Frankfurter Allgemeine Zeitung (Frankfurt):
"Auch wenn das Grundgesetz für einen solchen Schritt - gegen Entschädigung - gewisse Spielräume eröffnet, kommt ein so einschneidender Eingriff in private Eigentumsrechte und Vertragsfreiheit als tragende Elemente einer Marktwirtschaft einem Tabubruch gleich. Er erfordert deswegen eine besondere Legitimation, sonst läuft das Land Gefahr, dass sich Investoren abwenden. Den Beleg dafür, dass das Enteignungsgesetz notwendig ist, hat die Regierung noch nicht erbracht. Tatsächlich will sie wohl auch nur schnell eine Drohkulisse aufbauen, um die Eigentümer eines bestimmten Kreditinstituts - es geht im Moment nur um den Immobilienfinanzierer Hypo Real Estate - zur Kooperation zu bewegen. Das hat etwas Fragwürdiges."
Die Welt (Berlin):
Tabus gibt es für die Regierung erklärtermaßen in diesen Zeiten der Krise nicht. Das wurde dem Publikum gestern einmal mehr deutlich gemacht. Das Kabinett stimmte dem Finanzmarkt-Stabilisierungsgesetz zu. An dieser Stelle hat die Koalition ihre erste Schlacht allerdings schon verloren. Der Volksmund nennt das Werk schlicht 'Enteignungsgesetz'. Denn genau das ist es."
Münchner Merkur (München):
"Darf Deutschland, darf die Bundeskanzlerin einen privaten Konzern verstaatlichen und dessen Besitzer enteignen? Sie darf und sie muss es sogar, wenn der Geldkreislauf und die Stabilität der Gesamtwirtschaft anders nicht aufrecht zu erhalten sind. So wie im Fall der Hypo Real Estate, wo der Großaktionär Flowers mit völlig überzogenen Geldforderungen die Konzernrettung durch den Staat zu torpedieren droht. Mit Marx und DDR hat das nichts zu tun. Vielmehr handelt die Kanzlerin treuhänderisch im Sinne der Steuerzahler."
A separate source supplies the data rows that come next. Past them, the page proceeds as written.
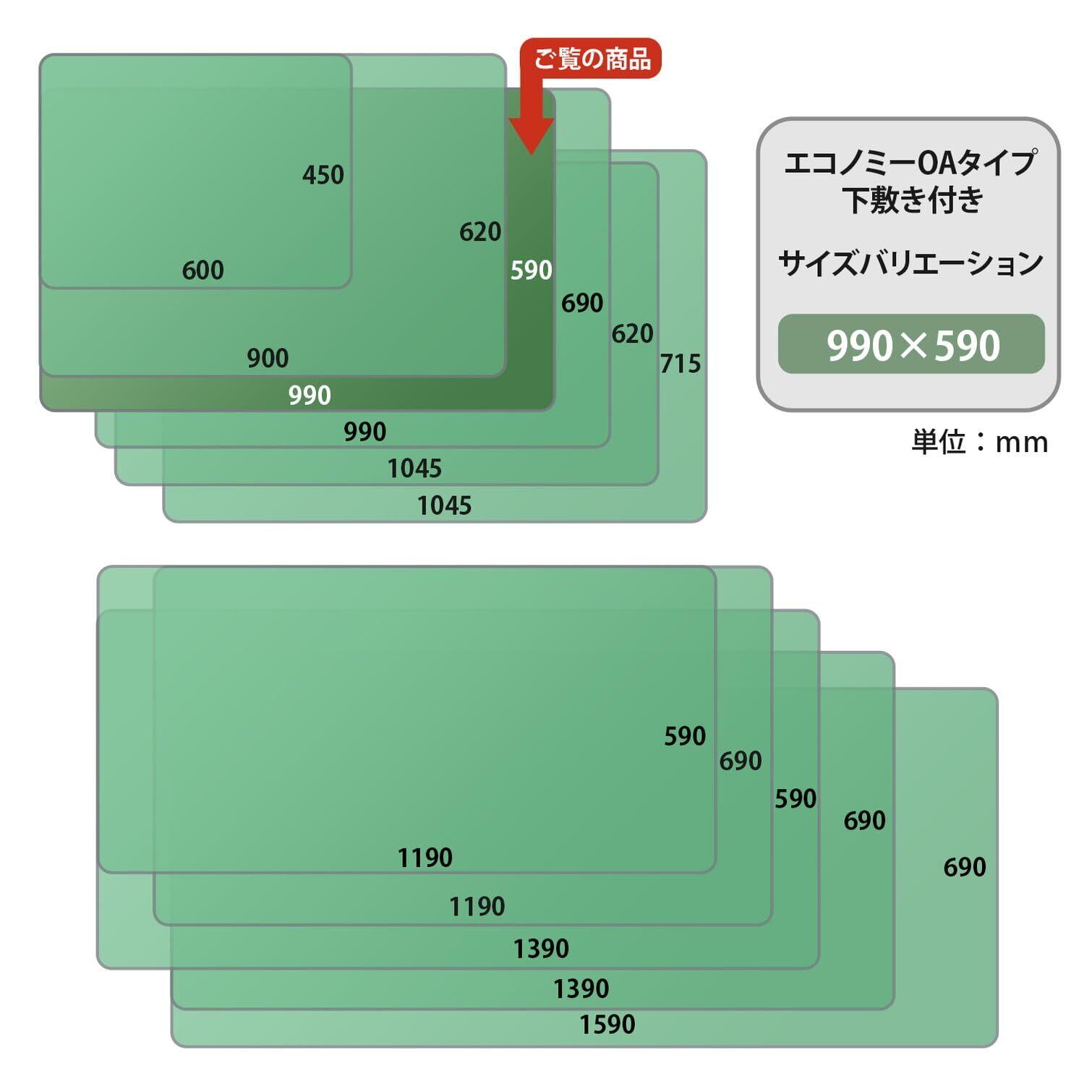 環境に配慮し再生材を使用したデスクマット。エコノミータイプ。マウス対応。OAコードの配線スペースのために奥行が590mm。
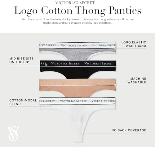Victoria's Secret Cotton Logo Thong Panty Pack, Underwear for Women, 4 Pack, Multicolor (S)
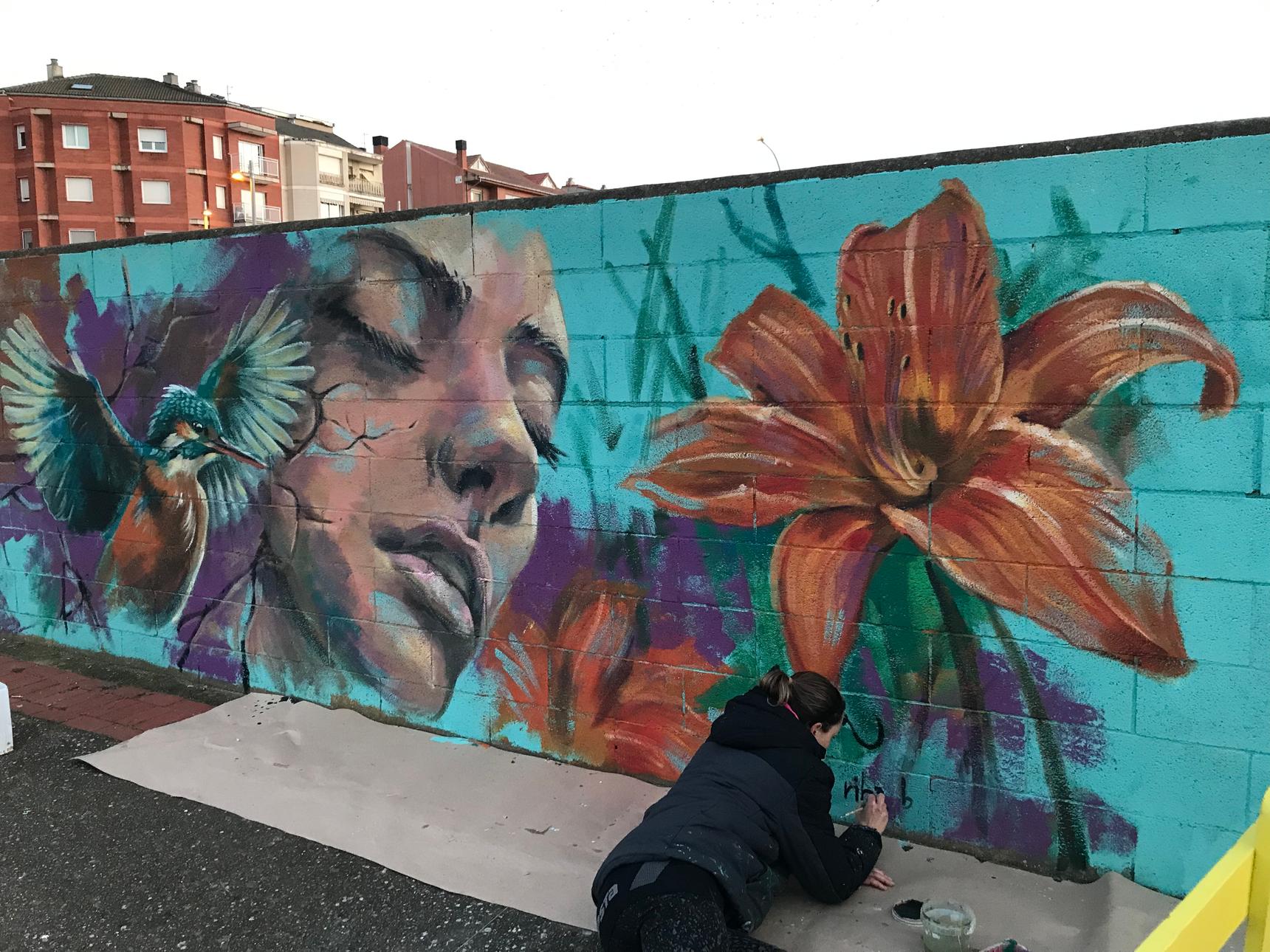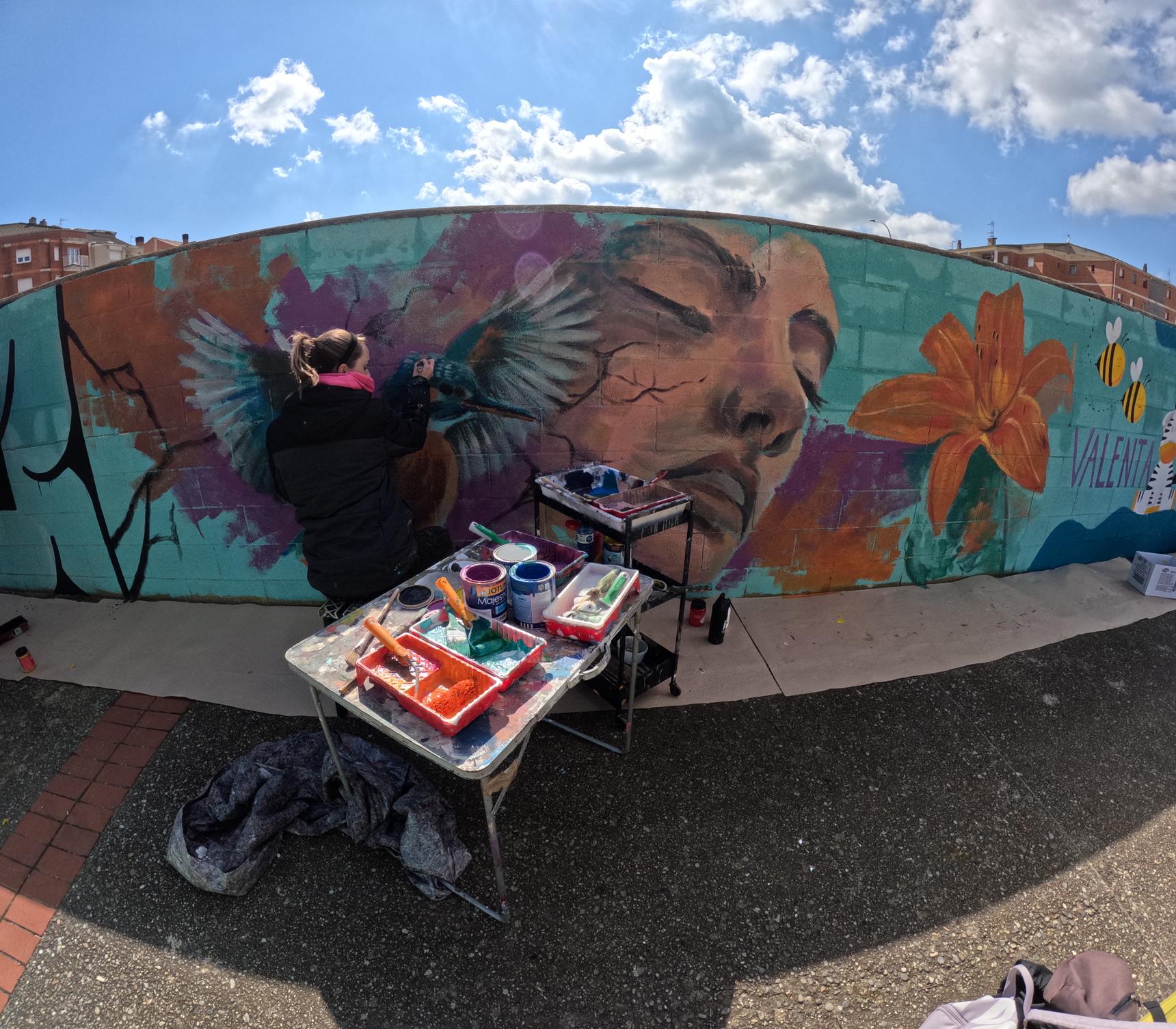 Mural created on International Women's Day (8M) in 2025 on a longitudinal wall shared with other women artists from the region.
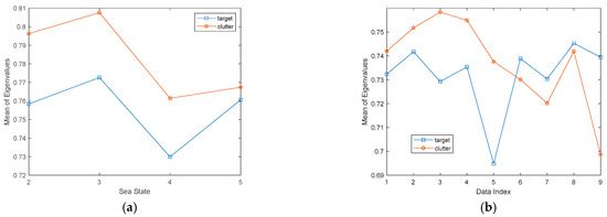 Variation of the average eigenvalue with changes in the scene. (a) Different sea states. (b) Different grazing angles.
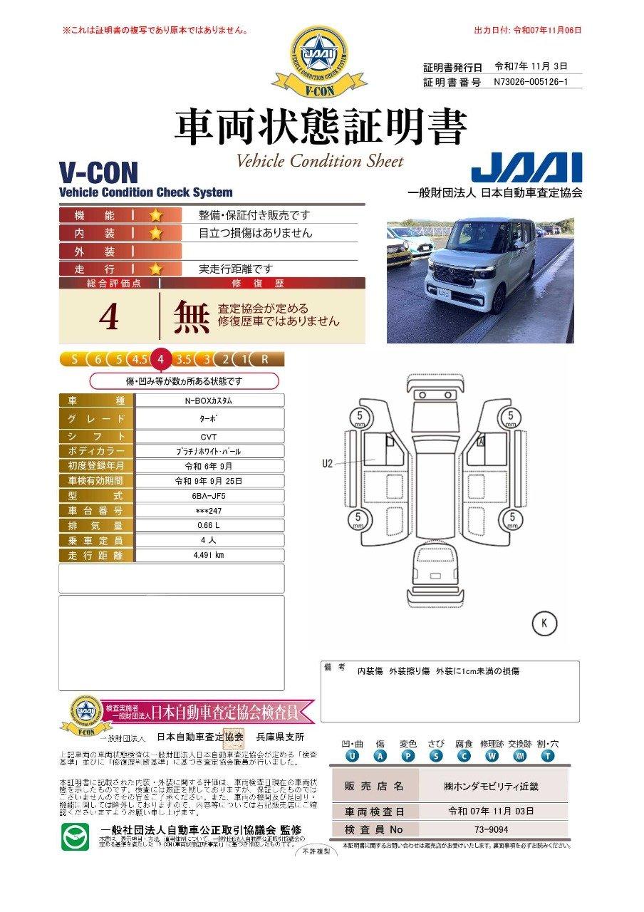 | 保証修理受付先 | 当店へご連絡下さい。当社または、お近くのホンダディーラーサービス工場をお手配いたします。 |
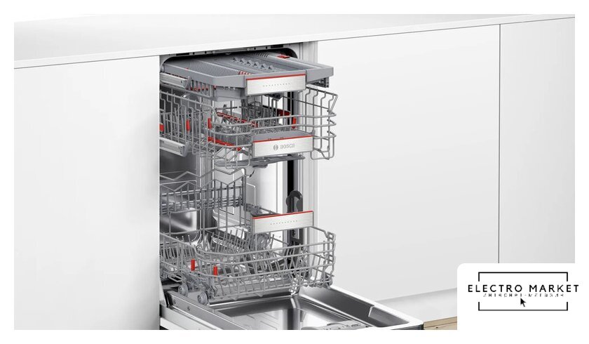 Особенности верхней корзины | регулировка положения по высоте, резиновые держатели для бокалов |
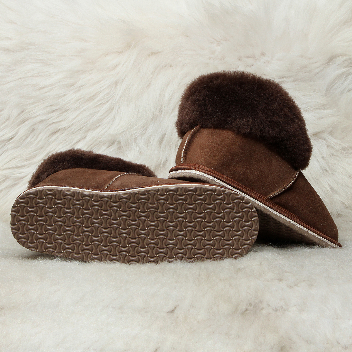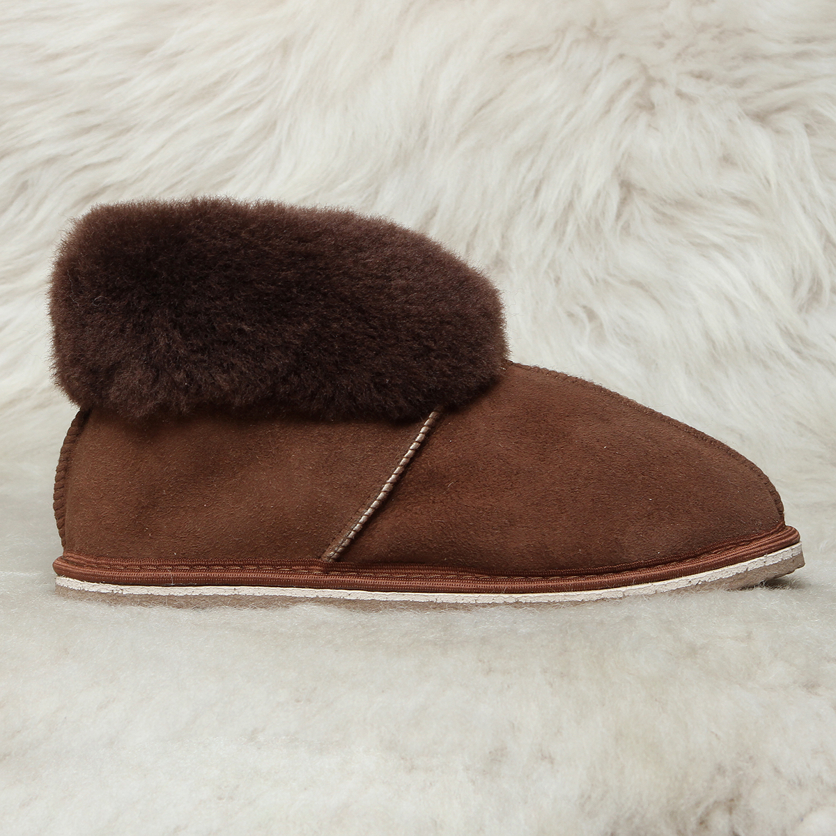 Дамските пантофи са изцяло изработени от агнешка кожа и с ходило от евапрен, което не пропуска вода и не се пързаля. Използваните суровини и технологии в производствения процес гарантират приятен и напълно безвреден допир с кожата. Носенето на пантофи от естествена агнешка кожа не позволява изпотяването на стъпалото и поддържа естествената човешка температура. Изключително удобен класически модел пантофи.
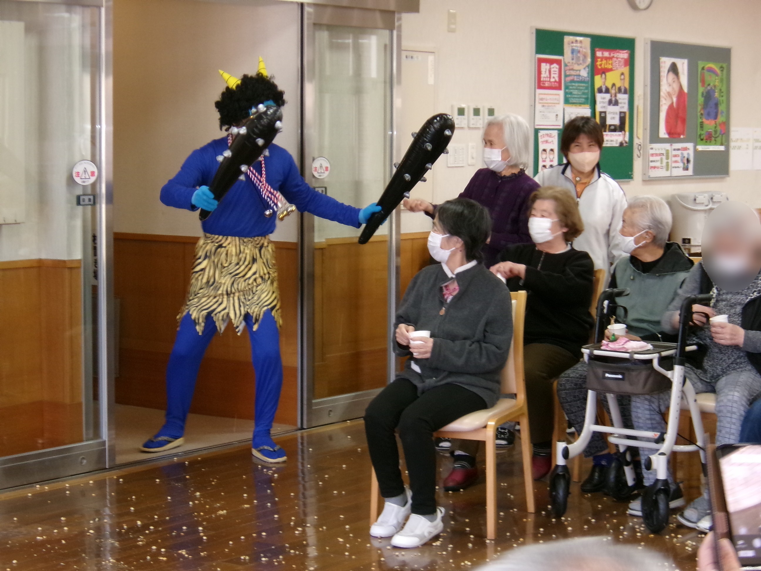 食堂では入居者の皆様が鬼を待ち構えています

Süddeutsche Zeitung (München):
"Die Eigentumsgarantie ist ein Eckpfeiler der Verfassung, Enteignungen sind - gegen Entschädigung wohlgemerkt - nur im Ausnahmefall möglich. Die Causa HRE ist ein solcher Ausnahmefall, wobei man sogar fragen kann, ob der Begriff Enteignung hier überhaupt korrekt ist. Richtiger wäre wohl, dass die Regierung aus gesamtwirtschaftlichen Erwägungen heraus ein Institut übernimmt, das sie seit Monaten künstlich am Leben erhält, dessen Eigentümer sich ergo als unfähig erwiesen haben. Letztlich ist eine Verstaatlichung damit sogar aus marktwirtschaftlicher Sicht konsequent."
Schwäbische Zeitung (Leutkirch):
"Der Steuerzahler hat bereits mehr als 100 Milliarden Euro in den Konzern gepumpt. Aber die Besitzer sind immer noch nicht in der Lage, einen Zusammenbruch abzuwenden. Der aber könnte neben dem Totalverlust für Aktionäre und Investoren eben auch eine Lawine auslösen, unter der auch andere Finanzinstitute verschüttet werden - und damit die Grundversorgung mit Kapital für unsere Volkswirtschaft. Das muss die Regierung verhindern und deshalb ein eng beschränktes Enteignungsgesetz in Sachen HRE beschließen. Es wäre aber gut, wenn sie es nicht anwenden müsste."
Badische Zeitung (Freiburg):
"Natürlich muss sich der Finanzminister fragen lassen, warum der Staat zuerst Milliardenbeträge an eine marode Bank gibt, um Monate später in die Eigentümerstruktur einzugreifen. Aus heutiger Sicht wäre es besser gewesen, die Hypo Real Estate gleich bei der ersten Rettungsaktion auf ein neues Fundament zu stellen. Andererseits muss der Regierung auch zugute gehalten werden, dass im vergangenen Herbst die Schieflage der Bank wohl noch nicht absehbar war."
Financial Times Deutschland (Hamburg):
"Außerhalb des Bankensystems ist die Lage völlig anders. Grundsätzlich sollte der Staat sich hier aus der Rettung einzelner Unternehmen heraushalten. Bei Opel oder Schaeffler geht es ja nicht um eine geordnete Abwicklung, sondern um eine Restrukturierung mit ungewissen Erfolgsaussichten. Geht es am Ende schief, bleibt der Staat auf einer dicken Rechnung sitzen."